The concert that this writer observed was staged at San Diego State University’s outdoor amphitheater, an open-air stage below ground level with high-rise concrete seating that describes an area of nearly 140 degrees.
To adequately cover such a venue, the main speaker stacks must be laid out to provide unusually wide coverage.
Electrotec sound system engineer Mike Gibney chose to set up the system in two stacks of 21 boxes each. The stacks were given a slight hemispherical curve out to the sides, and in towards the center of house (Figure 7). Low-end cabinets were arranged in columns of three, and mid/high cabinets put up in similar fashion.

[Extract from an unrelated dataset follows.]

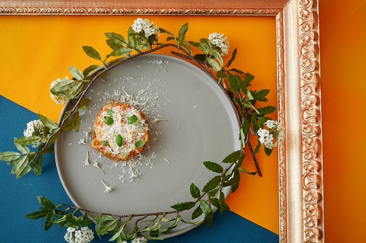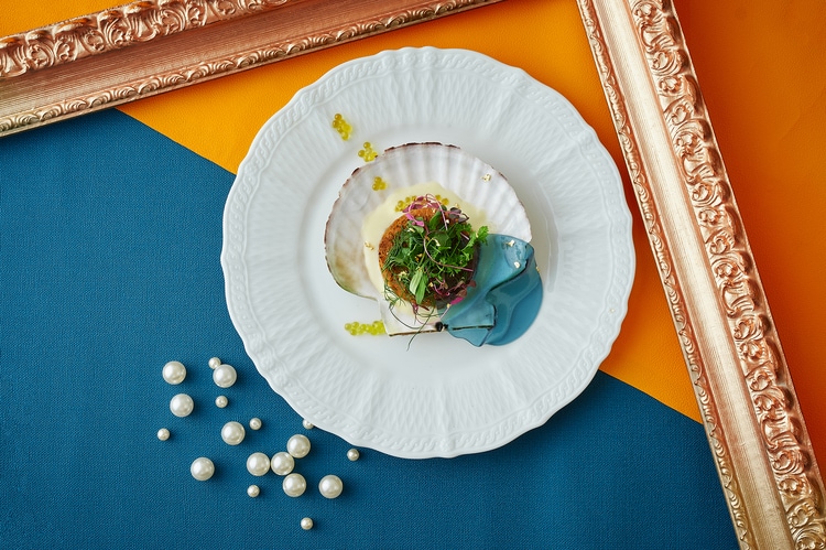 ボッティチェリ作「ヴィーナスの誕生」より温前菜『リボッリータ イン パデッラ』。絵画でも印象的な貝殻が小皿となったこちらの一品は、イタリアの郷土料理をアレンジしたものとなっています。海を思わせる上の青い部分はバターフライピーで作ったもの。周りにはキラキラとしたオリーブオイルの粒があしらわれています
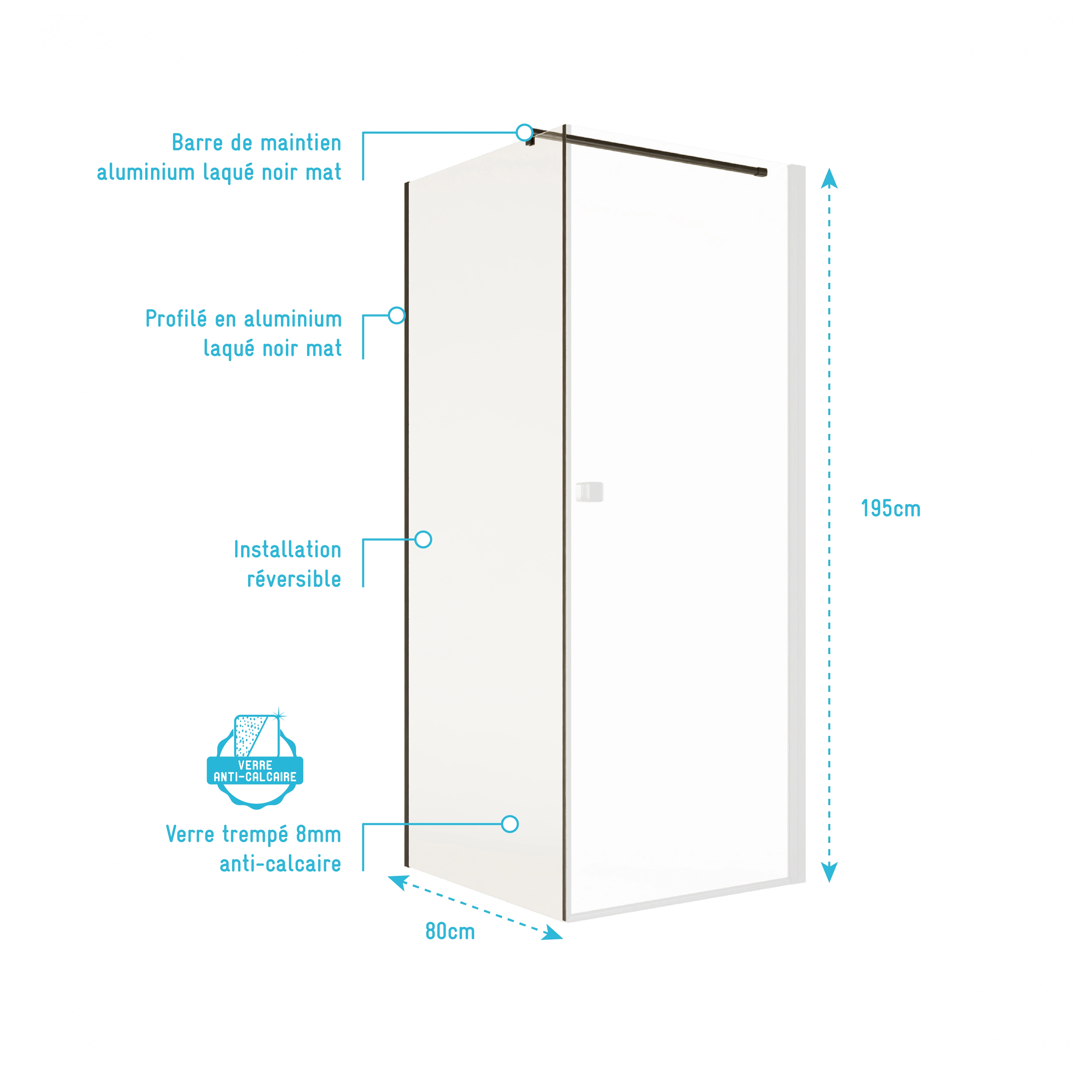 Retour pour Porte de Douche 80x195cm Verre Trempe 8mm Anticalcaire – Alu Noir – DARK ELEMENTARY

The center of each stack comprised two columns of three low·end boxes apiece—quite a concentration of low-frequency energy in one spot. Since the distance between stacks was in excess of 60 feet, the monitor sidefill stacks were called upon to do double duty as center-house fill. Sidefills were placed slightly upstage of the front mike line, and angled across the downstage performing area, with their coverage pattern
hitting the center house seating sections.
Figure 7 (click to enlarge)
The San Diego concert was only the second show of the Roxy Music tour. Since the system was fresh out on the road from rehearsals, much time was spent during the afternoon before sound check carrying out basic road preparation: cables were labeled, case packing charts prepared, and loose hardware tightened.
According to Gibney, basic system maintenance never ends when a system is on tour. “Every day there are things to watch for, gear to check on,” he says. “For instance, right now I am tracking down a hum in the house system, which is not normally present with this gear. There seems to be a ground loop occurring at the interface between the house and monitor consoles (splitter box), and it is a trial-and-error process to isolate and correct the problem.”
As Gibney got the main stacks in the air and hunted down the few inevitable bugs, Electrotec engineer Chris Amison tuned the system for the band’s engineer, and then proceeded to start the stage input hookup.
Roxy Music features vocalist Bryan Ferry and saxophonist Andy Mackay, both of whom worked the downstage area. Ferry’s vocal mike was a Shure SM-78, while the sax was picked up with two inputs: an AKG D224E was fed into a small Yamaha self-contained 6-channel mixer, sweetened with a Roland Space Echo, and fed through Yamaha speaker cabinets, one of which was miked. Additionally, a wireless unit was taken as a direct input for a clean, unprocessed signal.
Electric guitar amps were miked with Shure SM-57s, while the bass guitar was taken as a direct input, as were the keyboards. A Yamaha 12-channel mixer received signal input from Guy Fletcher’s two Roland Jupiter synthesizers, Solina string synthesizer, Korg organ, Yamaha CP-80 electric piano, and Wurlitzer electric piano.
The resultant mix was processed through a Roland SDE-2000 delay unit, and then sent to the house and monitor consoles. Additionally, a direct input was taken on each individual keyboard instrument to ensure clean signals at the desks.
Figure 8 (click to enlarge)
Roxy Music’s stage set this time out contained a generous amount of percussion, as can be seen in Figure 8. Andy Newmark’s large drum set, complete with gong, was picked up with two overhead AKG C414EB condenser mikes. Toms were miked individually with Sennheiser MD421s. and the kick received an Electro-Voice RE-20. The snare was miked from the top with a Shure SM-57, and hi-hat cymbals given an AKG C451 E. The auxiliary percussionists’ congas, roto-tom, chimes, and bells were picked up with a pair of Beyer M160 mikes.
A three-way splitter with individual ground-lift switching on each input line passed the signal to the house and monitor consoles, leaving one split available for broadcast pick up or recording. Model 8226 AMP brand connectors on 11-pair multicable carried the microphone signals to the splitter box from satellite plug·in boxes distributed around the performing area. These boxes were designed with an extra female connector on the end, so that boxes could be “daisy-chained” for additional length when needed.